WHAT YOU SHOULD DO:
Once you find the line containing "5月5日,游客攀登華山西峰龍脊背。", set down exactly that line and every one after it through the end of the listing below, with both ends included and any pictures omitted.

INPUT:
# # # # # # #

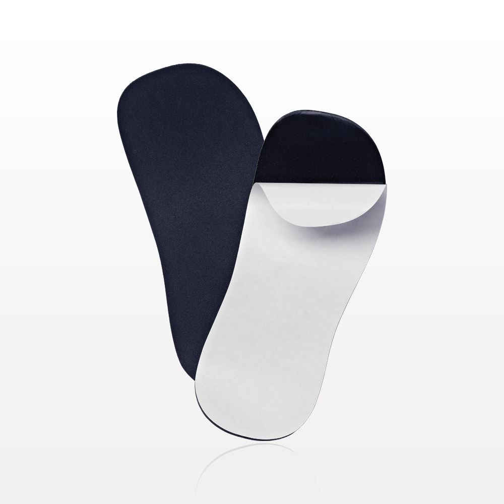 These strapless sandals with adhesive backing are designed to help protect the soles of the feet during spray tanning sessions. To apply, simply remove the adhesive backing and step firmly on the foot pad. May also be used to help protect feet at health and fitness clubs, during pedicure treatments and at airport security checkpoints.
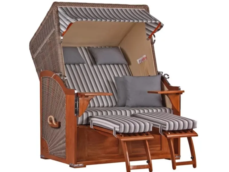 GarWoh Strandkörbe|Strandkorb Nordstrand Mahagoni PE Grey Dessin 545
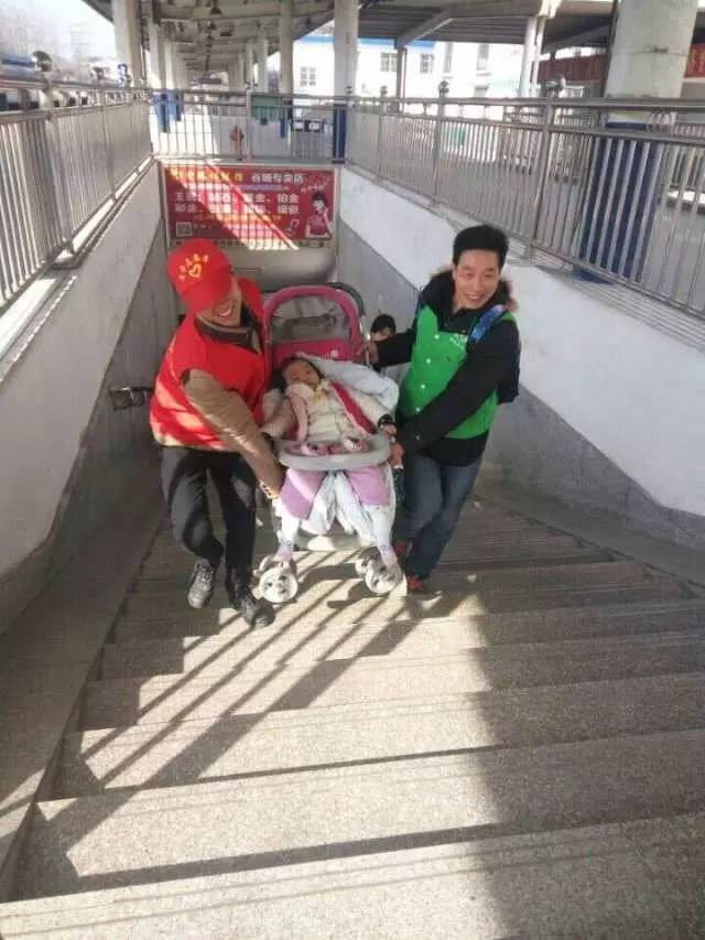 暖冬行动志愿者帮助乘客将小朋友抬出站台
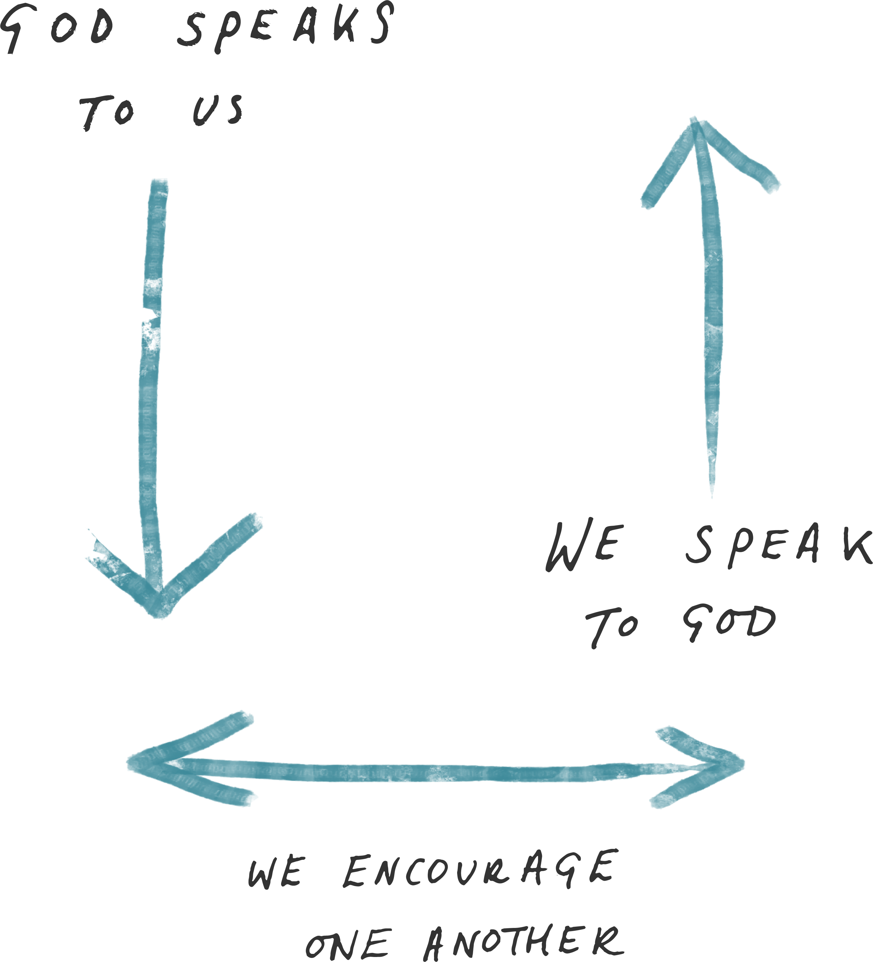Praising God, confessing sin, and seeking God’s help. This might include the Lord’s Prayer.
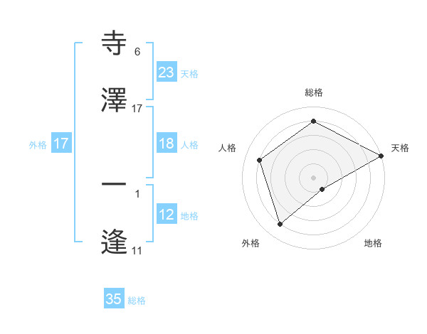 寺澤 一逢さんの天格は23画の5点!
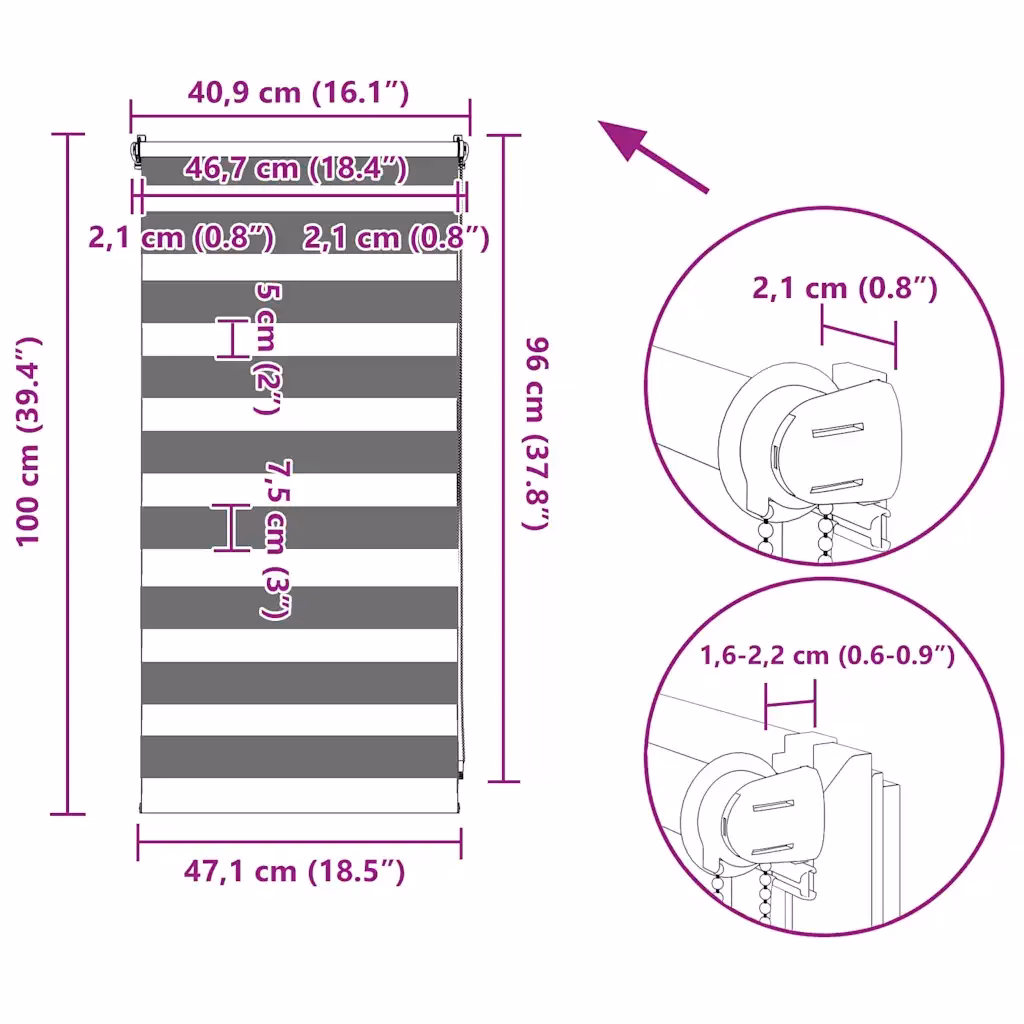 - Selge mõõdusüsteem ruloo suurus 40 x 100 cm viitab ülemise siini laiusele, kusjuures kangas on umbes 3 cm kitsam ning sobib paigaldamiseks aknaava või raami mõõte arvestades.
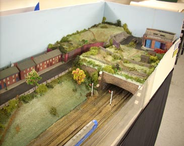 The layout comprises of a four track main line in a cutting passing a signal box between two tunnel entrances. From the layout's point of view, the name Adams Row comes from the area, which can be any rural location in England, where the housing and amenities were built for the workers of the Adams Brothers' Explosives factory, which is on the right of the set-up. It is now in a run-down state, but the housing is still there.
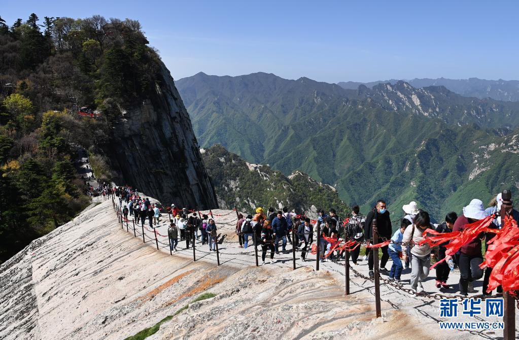 5月5日,游客攀登華山西峰龍脊背。
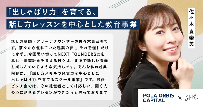 SHE、ポーラ・オルビスホールディングスと協業の女性起業家輩出プロジェクト「NEXT FOUNDERS」最終ピッチ会を6月17日(土)に開催!
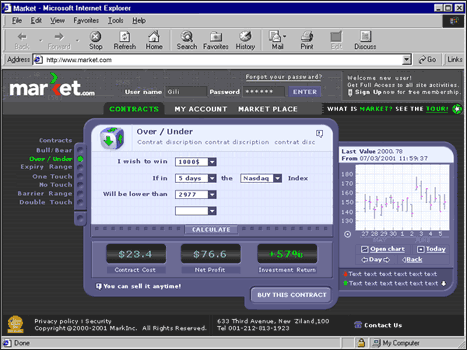 IWeb application for real time financial betting Creative director Max. Interactive ltd Client: Market.com Year:2001 |
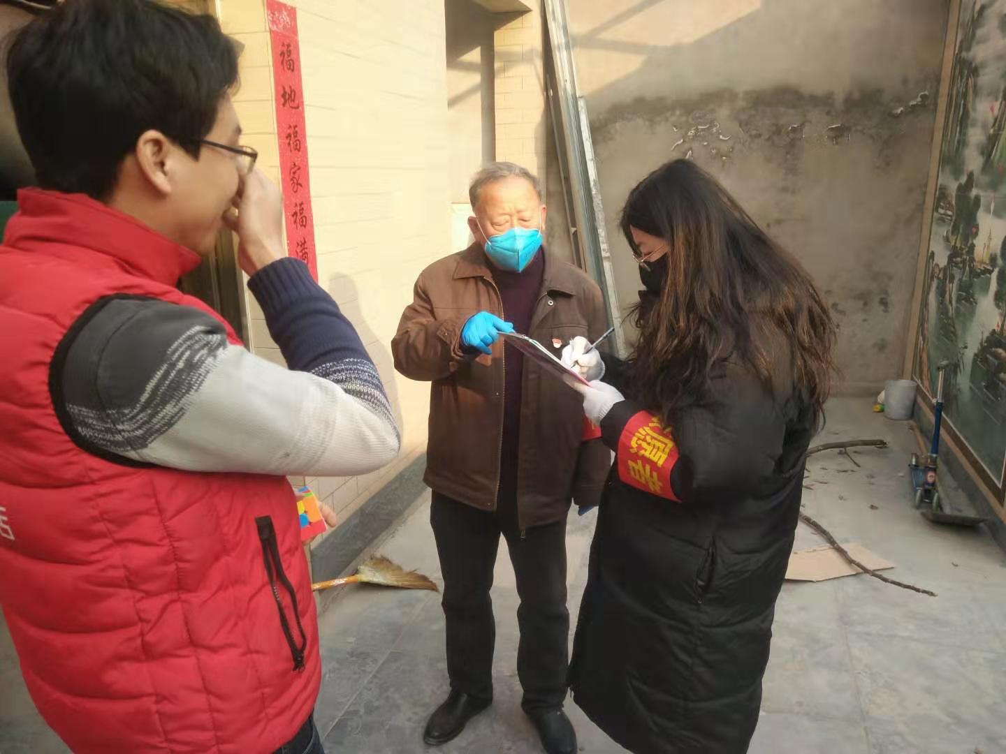 她每天早晨,先到社区居委会签到,8:30准时到达工作岗位。在疫情前期,她的主要工作是对卡口的进出人员进行温度测量并登记,若发现非本社区人员,她就会立即向居委会打电话询问情况并征求意见是否给予通行。由于村委会工作人员的年龄原因,在后期的工作中,她主要负责跟随村委会干部进行入户排查并制作出相应的表格。在排查时,她需要测量社区内每个人的体温并进行登记,如果发现有发烧者,则会立即向村委会干部进行报告。她需要向每户人家讲解疫情和防护的小妙招,以确保每个人都重视此次疫情,使所有人都加入到“抗疫大队”中去。排查工作的工作量非常大,当遇到需要排查的工作,她整天都会待在居委会,甚至有时候中午也不回去,简单吃个饭便去接着排查了。除此之外,她还需要整理其他有关疫情防控工作的电子资料,这些工作量也不容小觑,毕竟社区人员的数量众多,而且排查的内容也需要具体到每个家庭每个人的详细的信息。
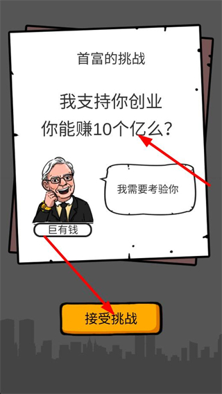 2、接受首富的有難度的創業挑戰,開啟創業賺10個億的任務,開始財富漫漫積累之旅。
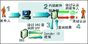 SenderID抓住“漏网之鱼” 所谓SenderID技术,是指SMTP通信过程中对邮件来源进行检查的一种技术,主要归类于连接控制型技术的DNS信息检查类。其基本的工作流程如下:
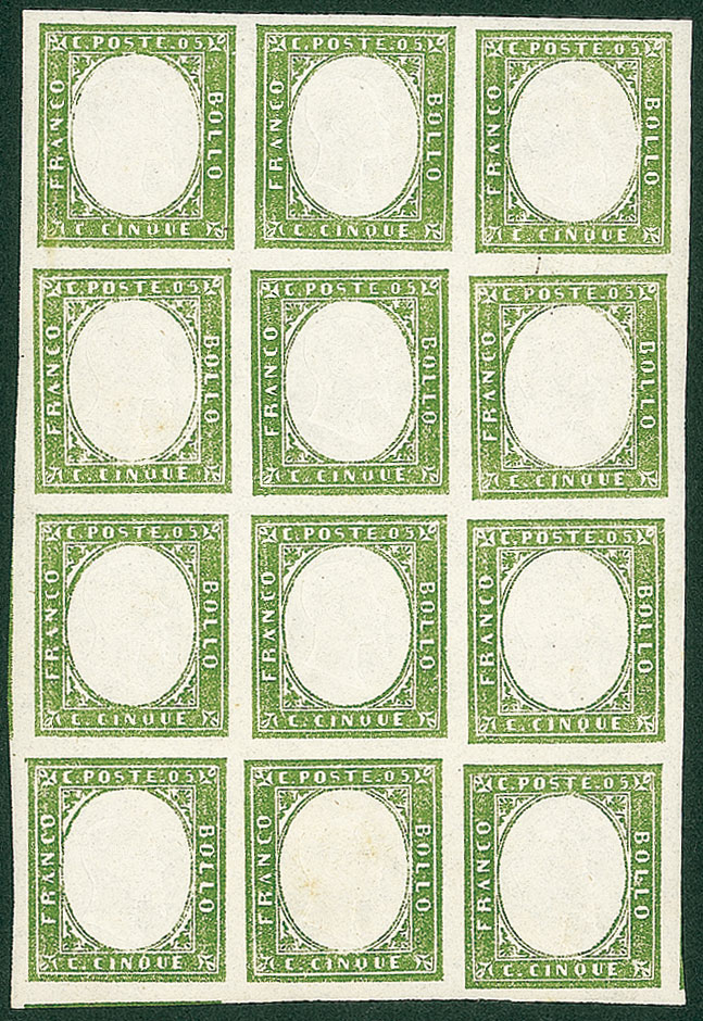 Lotto 263 | ANTICHI STATI - Sardegna - 1863 - 5 cent - blocco di dodici - gomma integra...
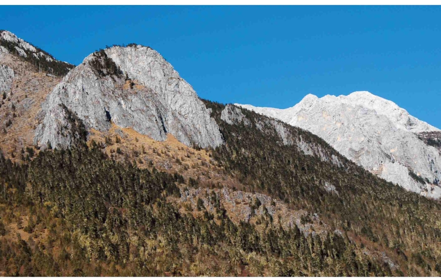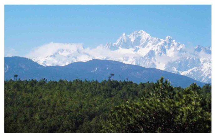 越往奉科方向走,玉龙雪山就越发显出它那不积雪、少森林的石灰石巉岩的地貌。沿途一路可看到很多的云杉、冷杉和栎树,在海拔高的地方,树木长得都不高大,而在地势稍低的地方,云杉、冷杉和栎树都高大挺拔,直插蓝天。当地人说的“树胡子”缠绕在云杉和冷杉树上,十分好看。沿途玉龙雪山山坡上长有大片纳西人祭天必须用的栎树,叶子黄生生的,与山峰、蓝天和白雪交相辉映。我们在途中还看到了位于四川亚丁的“三大神山”的两座:央迈勇(海拔5958米)和仙乃日(海拔6032米)。
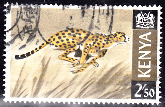 Auf dieser Marke aus Kenia (MiNr 30) läuft ein Gepard (Acinonyx jubatus) durch das Markenbild.
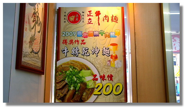 既然這是一間牛肉麵節所推薦的好店,相信這裡的牛肉麵應該都有一定的水準.瞧!這裡賣著它於2009 年台北國際牛肉麵節中所得獎的作品:牛轉乾坤麵.它就是我今天來此的目標(但它的售價就不大眾化了) |

# # # # # # #

SOLUTION TO THE EXERCISE:
 5月5日,游客攀登華山西峰龍脊背。
 SHE、ポーラ・オルビスホールディングスと協業の女性起業家輩出プロジェクト「NEXT FOUNDERS」最終ピッチ会を6月17日(土)に開催!
 IWeb application for real time financial betting Creative director Max. Interactive ltd Client: Market.com Year:2001 |
 她每天早晨,先到社区居委会签到,8:30准时到达工作岗位。在疫情前期,她的主要工作是对卡口的进出人员进行温度测量并登记,若发现非本社区人员,她就会立即向居委会打电话询问情况并征求意见是否给予通行。由于村委会工作人员的年龄原因,在后期的工作中,她主要负责跟随村委会干部进行入户排查并制作出相应的表格。在排查时,她需要测量社区内每个人的体温并进行登记,如果发现有发烧者,则会立即向村委会干部进行报告。她需要向每户人家讲解疫情和防护的小妙招,以确保每个人都重视此次疫情,使所有人都加入到“抗疫大队”中去。排查工作的工作量非常大,当遇到需要排查的工作,她整天都会待在居委会,甚至有时候中午也不回去,简单吃个饭便去接着排查了。除此之外,她还需要整理其他有关疫情防控工作的电子资料,这些工作量也不容小觑,毕竟社区人员的数量众多,而且排查的内容也需要具体到每个家庭每个人的详细的信息。
 2、接受首富的有難度的創業挑戰,開啟創業賺10個億的任務,開始財富漫漫積累之旅。
 SenderID抓住“漏网之鱼” 所谓SenderID技术,是指SMTP通信过程中对邮件来源进行检查的一种技术,主要归类于连接控制型技术的DNS信息检查类。其基本的工作流程如下:
 Lotto 263 | ANTICHI STATI - Sardegna - 1863 - 5 cent - blocco di dodici - gomma integra...
 越往奉科方向走,玉龙雪山就越发显出它那不积雪、少森林的石灰石巉岩的地貌。沿途一路可看到很多的云杉、冷杉和栎树,在海拔高的地方,树木长得都不高大,而在地势稍低的地方,云杉、冷杉和栎树都高大挺拔,直插蓝天。当地人说的“树胡子”缠绕在云杉和冷杉树上,十分好看。沿途玉龙雪山山坡上长有大片纳西人祭天必须用的栎树,叶子黄生生的,与山峰、蓝天和白雪交相辉映。我们在途中还看到了位于四川亚丁的“三大神山”的两座:央迈勇(海拔5958米)和仙乃日(海拔6032米)。
 Auf dieser Marke aus Kenia (MiNr 30) läuft ein Gepard (Acinonyx jubatus) durch das Markenbild.
 既然這是一間牛肉麵節所推薦的好店,相信這裡的牛肉麵應該都有一定的水準.瞧!這裡賣著它於2009 年台北國際牛肉麵節中所得獎的作品:牛轉乾坤麵.它就是我今天來此的目標(但它的售價就不大眾化了) |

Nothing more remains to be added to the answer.